» **TASK ITEM**
Records follow. Print exactly the lines from the one that has "Mari berbagi kebaikan, hanya" through the one that has "舞台亮起,背景屏幕播放着老一", inclusive, and omit the pictures.

» **SUPPLIED MATERIAL**
* * *
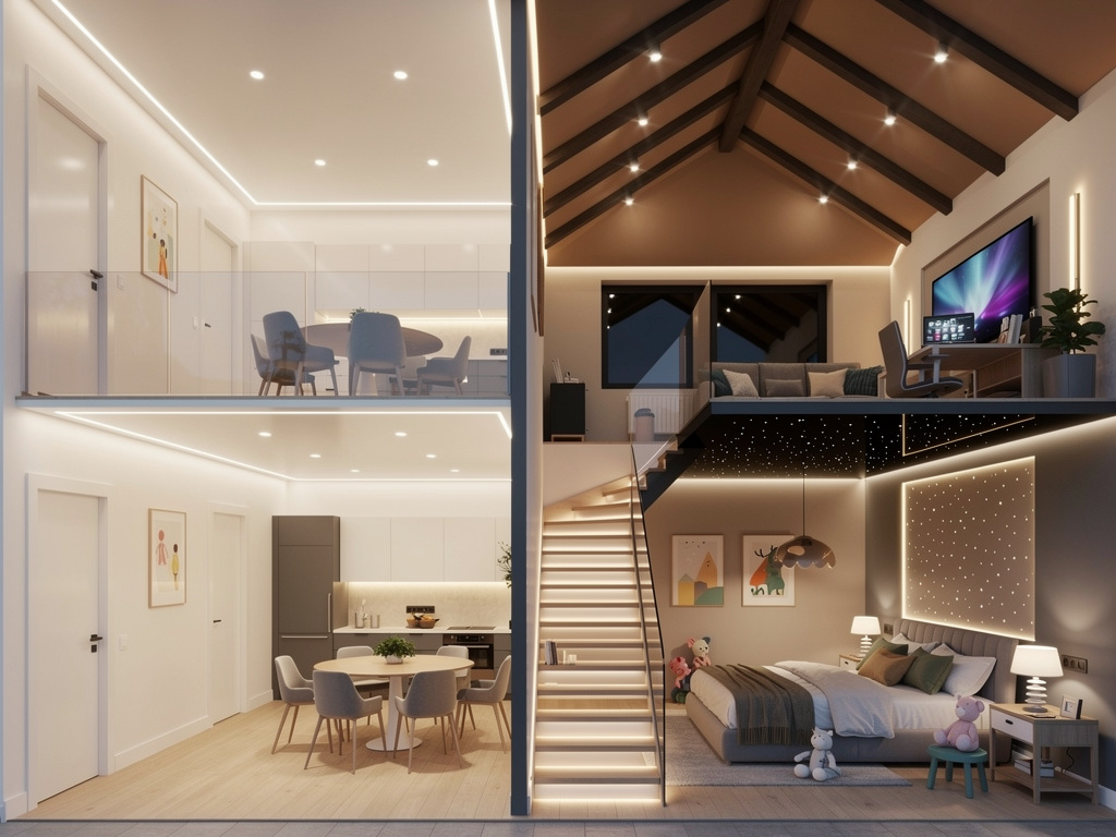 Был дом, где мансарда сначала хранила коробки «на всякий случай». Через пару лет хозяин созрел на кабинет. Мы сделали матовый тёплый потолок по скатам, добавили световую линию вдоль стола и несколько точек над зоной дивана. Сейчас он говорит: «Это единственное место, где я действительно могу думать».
* * *
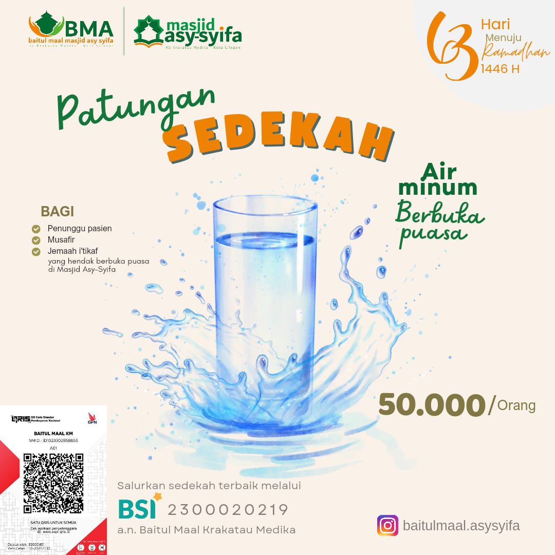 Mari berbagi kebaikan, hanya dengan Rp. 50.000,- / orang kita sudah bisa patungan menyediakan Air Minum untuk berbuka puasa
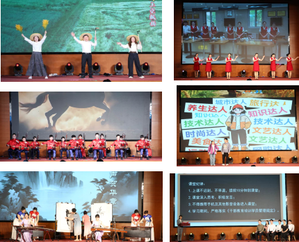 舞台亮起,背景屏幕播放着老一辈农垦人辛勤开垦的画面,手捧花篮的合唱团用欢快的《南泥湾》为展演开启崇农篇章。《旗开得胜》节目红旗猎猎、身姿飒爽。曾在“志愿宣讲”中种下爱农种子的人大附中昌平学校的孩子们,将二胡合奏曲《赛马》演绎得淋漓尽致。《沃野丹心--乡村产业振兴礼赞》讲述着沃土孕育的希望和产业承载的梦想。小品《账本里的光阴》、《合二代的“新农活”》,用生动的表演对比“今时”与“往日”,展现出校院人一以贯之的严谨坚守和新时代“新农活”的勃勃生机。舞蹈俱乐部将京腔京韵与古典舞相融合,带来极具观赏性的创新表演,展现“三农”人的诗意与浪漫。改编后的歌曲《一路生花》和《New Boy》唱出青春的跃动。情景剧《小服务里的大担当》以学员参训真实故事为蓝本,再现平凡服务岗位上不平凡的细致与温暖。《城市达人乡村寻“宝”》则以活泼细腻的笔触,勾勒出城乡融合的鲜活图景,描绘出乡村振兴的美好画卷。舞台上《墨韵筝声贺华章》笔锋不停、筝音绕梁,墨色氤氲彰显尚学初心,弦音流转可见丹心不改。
* * *
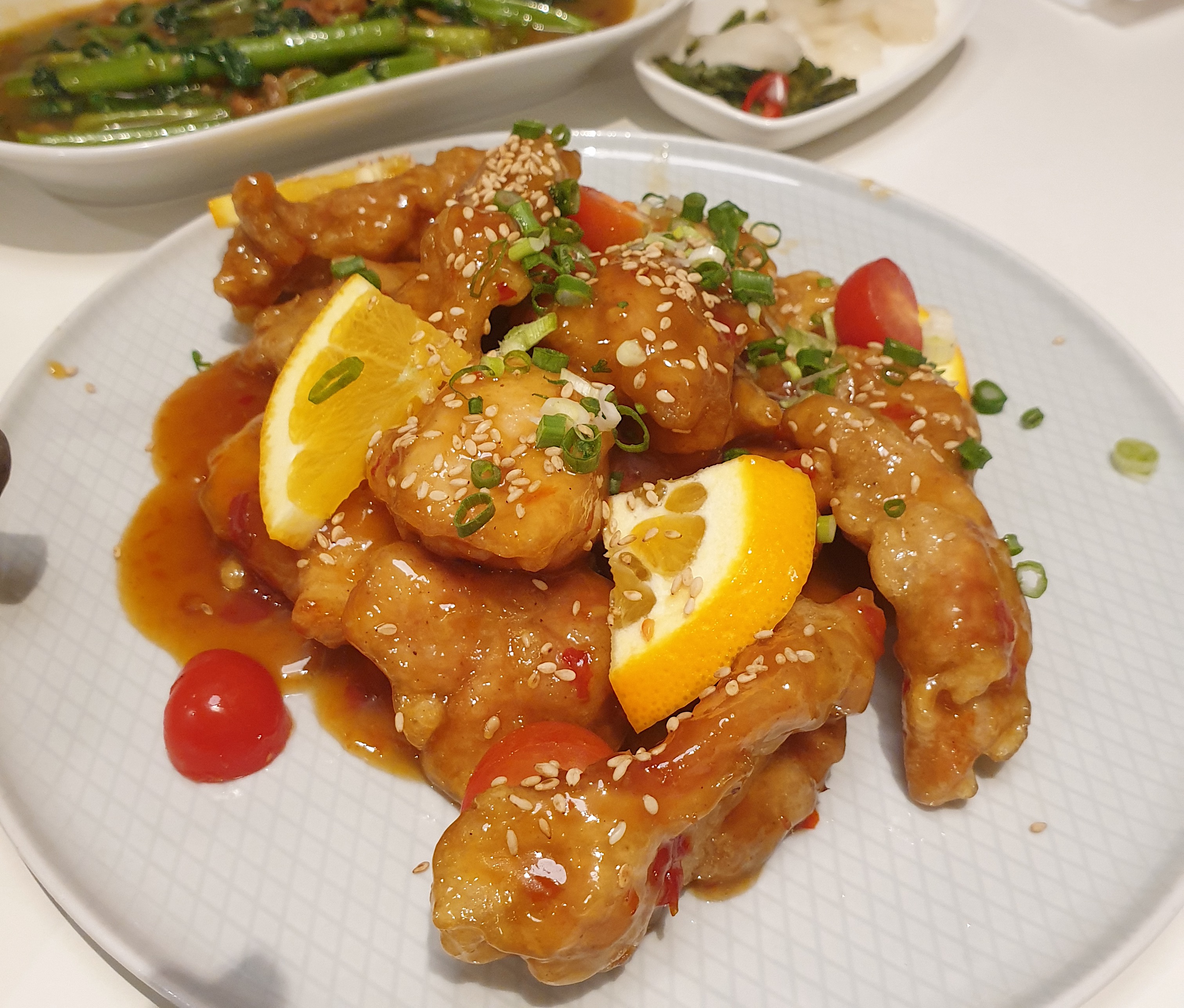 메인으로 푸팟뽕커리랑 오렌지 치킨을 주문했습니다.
* * *
» **SOLUTION TO THIS TASK**
 Mari berbagi kebaikan, hanya dengan Rp. 50.000,- / orang kita sudah bisa patungan menyediakan Air Minum untuk berbuka puasa
 舞台亮起,背景屏幕播放着老一辈农垦人辛勤开垦的画面,手捧花篮的合唱团用欢快的《南泥湾》为展演开启崇农篇章。《旗开得胜》节目红旗猎猎、身姿飒爽。曾在“志愿宣讲”中种下爱农种子的人大附中昌平学校的孩子们,将二胡合奏曲《赛马》演绎得淋漓尽致。《沃野丹心--乡村产业振兴礼赞》讲述着沃土孕育的希望和产业承载的梦想。小品《账本里的光阴》、《合二代的“新农活”》,用生动的表演对比“今时”与“往日”,展现出校院人一以贯之的严谨坚守和新时代“新农活”的勃勃生机。舞蹈俱乐部将京腔京韵与古典舞相融合,带来极具观赏性的创新表演,展现“三农”人的诗意与浪漫。改编后的歌曲《一路生花》和《New Boy》唱出青春的跃动。情景剧《小服务里的大担当》以学员参训真实故事为蓝本,再现平凡服务岗位上不平凡的细致与温暖。《城市达人乡村寻“宝”》则以活泼细腻的笔触,勾勒出城乡融合的鲜活图景,描绘出乡村振兴的美好画卷。舞台上《墨韵筝声贺华章》笔锋不停、筝音绕梁,墨色氤氲彰显尚学初心,弦音流转可见丹心不改。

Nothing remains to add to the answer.